Ukrainische Soldaten besetzten demnach am Freitag auch das Dorf Bilbasiwka. Moskautreue Separatisten hatten ihren Einfluss in der russisch geprägten Ostukraine zuletzt immer weiter ausgedehnt. Sie halten staatliche Gebäude in zahlreichen Städten besetzt, darunter auch die Gebietshauptstädte Donezk und Lugansk. Erst am Donnerstag stürmten rund 300 prorussische Demonstranten in Donezk das Gebäude der Regionalstaatsanwaltschaft.

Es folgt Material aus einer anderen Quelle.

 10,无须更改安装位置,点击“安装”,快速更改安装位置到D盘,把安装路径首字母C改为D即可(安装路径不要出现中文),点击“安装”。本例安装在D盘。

Ukrainische Polizei in Donezk überrannt

Wie ein AFP-Korrespondent berichtete, warfen die Angreifer in Donezk Steine und Molotow-Cocktails auf rund 100 Bereitschaftspolizisten, die das Gebäude bewachten. Die Sicherheitskräfte setzten Tränengas, Gummigeschosse und Blendgranaten ein, um die Menge zurückzudrängen, wurden aber überrannt. Mehrere Polizisten und Angreifer wurden verletzt.

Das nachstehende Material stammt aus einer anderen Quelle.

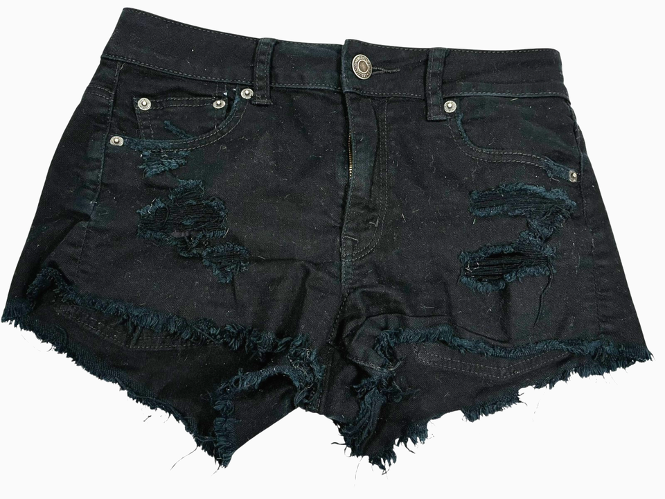 american eagle outfitters AEO stretch ripped cut off black denim short shorts size 4

Donezk ist die Hauptstadt der von den prorussischen Aktivisten ausgerufenen „Republik Donezk“. Das Gebäude der Regionalverwaltung wurde bereits am 6. April besetzt, das Rathaus zehn Tage später. Im Osten der Ukraine kontrollieren prorussische Milizen derzeit bereits mindestens 14 Städte. Unter anderem nahmen Separatisten zuletzt auch die Gebietsverwaltung der Stadt Lugansk ein. Weitere Verwaltungsgebäude wurden zudem in Gorlowka besetzt.